Attorneys for the Department of Corrections did not dispute inmates' version of events. Vail said their stories "did not add up to systemic violations," which were required to prove cruel and unusual treatment.
"These prisoners don't practice civilized behavior. They don't follow rules. They don't deserve civilized treatment. It's a different world," Vail told the St. Petersburg Times.
Two days later, Vail asked to amend his statement: "What I meant to say was that these inmates don't conform and are there because they don't follow the rules. It's that simple."
Going slowly crazy
On the fifth day of the September hearing, Ian Manuel testified.
"It's my belief," he told Judge Adams, "that the reason I haven't been able to progress off CM (close management) all these years is the way the system is set up. One DR (disciplinary report) will keep you there for six months and those six months add up to years and those years turn into decades."
In the past seven months, prison records show Manuel received three disciplinary writeups: one for not making his bed, another for hiding a day's worth of prescription medicine instead of taking it, and yet another for yelling through the food flap when a correctional officer refused to take his grievance form. Those reports extended his stay on the strictest level of solitary for nine months.
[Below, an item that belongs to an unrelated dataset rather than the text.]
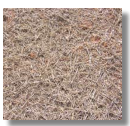
Visually inspect mulched areas to ensure uniform, sufficient coverage. Application must cover all bare areas, with less than 5 percent soil showing through mulch cover.

Good use of straw mulch and grass seed in relatively flat and fairly wide swale. For more concentrated flows, triple seed the ditch and use erosion control blankets.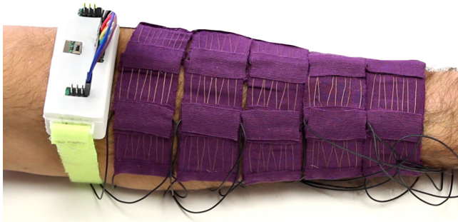
Figure 2: The PhantomTouch prototype: A plasters matrix augmenting the forearm using 15 plasters.

For our prototype, we selected the SMA wire: BMF150 SMA. According to the data sheet, our wire contracts to a predefined length when heated up to 70°C. This contraction is 4% of the total length of the wire and can be used to apply a force equivalent to 144gf (1.44N), when the recommended current of 340mA is applied. For activation we maintained the current in each patch for 1 second. The ability of SMA wires to contract enables a variety of actuation possibilities. We stitched the wire into a sticky cloth patch (Kinesiology Muscle Tape). This generates shear forces along the skin as shown. This shear forces subtly deforms the skin and hence generates touch sensations.

Manuel told the judge that in isolation he has become a "cutter," slicing his arms and legs with whatever sharp object he can find - a fragment of a toothpaste tube or a tiny piece of glass.
Don Gibbs, a psychiatrist for the Department of Corrections, said cutting and watching the blood flow is how hundreds of inmates "relieve the boredom and stress of isolation."
It takes from two to six months, Gibbs said, for inmates in solitary to start exhibiting signs of mental illness, if they are not already mentally ill.
"Nobody can be isolated for long periods of time with nothing to see and nothing to do and not deteriorate," he said. "If you're not mentally ill when you go in, you probably will be when you come out."
In the past year, Ian Manuel has attempted suicide five times. In late August he slit his wrists. A prison nurse closed the wounds with superglue and returned him to his solitary cell.
When the judge asked him why he attempted suicide, Manuel said, "You kind of lose hope."
In early 2007, Adams will rule on whether solitary conditions should continue to be monitored by his court.
About that time, staff at Union Correctional Institution will review Manuel's status to see if, after 14 years in solitary, he will be allowed to go to the day room four hours a week to watch TV in handcuffs and shackles.
"Every day," he says, "I pray for this."